* [COLLECTED MATERIAL]:
= = = = =

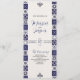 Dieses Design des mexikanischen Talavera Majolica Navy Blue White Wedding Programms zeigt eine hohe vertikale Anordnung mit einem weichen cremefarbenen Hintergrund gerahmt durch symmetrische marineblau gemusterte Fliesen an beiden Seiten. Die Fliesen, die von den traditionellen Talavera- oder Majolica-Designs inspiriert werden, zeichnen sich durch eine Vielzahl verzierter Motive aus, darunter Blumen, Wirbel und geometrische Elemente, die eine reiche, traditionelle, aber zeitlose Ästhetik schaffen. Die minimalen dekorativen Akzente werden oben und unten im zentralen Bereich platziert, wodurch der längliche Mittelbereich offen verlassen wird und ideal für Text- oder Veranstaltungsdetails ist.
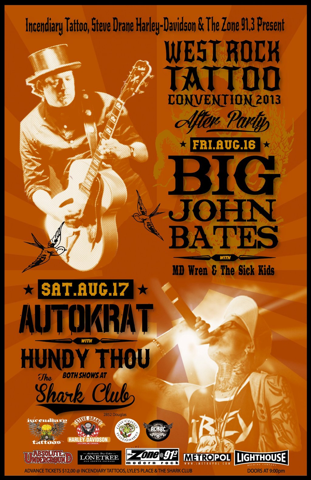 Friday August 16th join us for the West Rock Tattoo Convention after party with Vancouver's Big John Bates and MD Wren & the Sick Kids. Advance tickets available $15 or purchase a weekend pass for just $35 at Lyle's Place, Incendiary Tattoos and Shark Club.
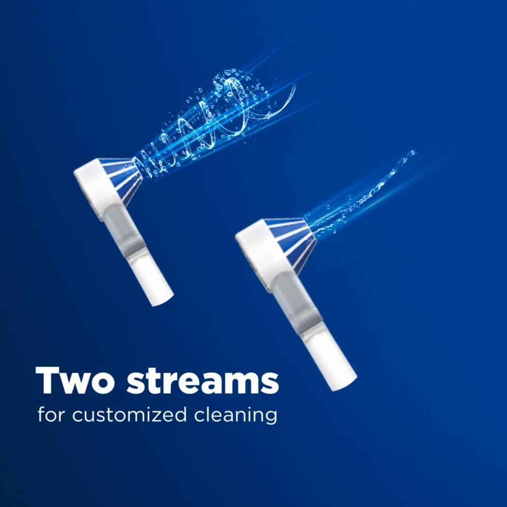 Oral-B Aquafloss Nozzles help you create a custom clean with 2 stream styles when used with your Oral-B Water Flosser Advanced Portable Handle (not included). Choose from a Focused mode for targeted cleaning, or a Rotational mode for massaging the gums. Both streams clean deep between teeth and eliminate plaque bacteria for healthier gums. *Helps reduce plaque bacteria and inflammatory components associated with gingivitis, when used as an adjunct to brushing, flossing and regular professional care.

= = = = =

* [WORK TO BE COMPLETED]:
Copy all the material word for word, minus its pictures.

* [EXERCISE SOLUTION]:
 Dieses Design des mexikanischen Talavera Majolica Navy Blue White Wedding Programms zeigt eine hohe vertikale Anordnung mit einem weichen cremefarbenen Hintergrund gerahmt durch symmetrische marineblau gemusterte Fliesen an beiden Seiten. Die Fliesen, die von den traditionellen Talavera- oder Majolica-Designs inspiriert werden, zeichnen sich durch eine Vielzahl verzierter Motive aus, darunter Blumen, Wirbel und geometrische Elemente, die eine reiche, traditionelle, aber zeitlose Ästhetik schaffen. Die minimalen dekorativen Akzente werden oben und unten im zentralen Bereich platziert, wodurch der längliche Mittelbereich offen verlassen wird und ideal für Text- oder Veranstaltungsdetails ist.
 Friday August 16th join us for the West Rock Tattoo Convention after party with Vancouver's Big John Bates and MD Wren & the Sick Kids. Advance tickets available $15 or purchase a weekend pass for just $35 at Lyle's Place, Incendiary Tattoos and Shark Club.
 Oral-B Aquafloss Nozzles help you create a custom clean with 2 stream styles when used with your Oral-B Water Flosser Advanced Portable Handle (not included). Choose from a Focused mode for targeted cleaning, or a Rotational mode for massaging the gums. Both streams clean deep between teeth and eliminate plaque bacteria for healthier gums. *Helps reduce plaque bacteria and inflammatory components associated with gingivitis, when used as an adjunct to brushing, flossing and regular professional care.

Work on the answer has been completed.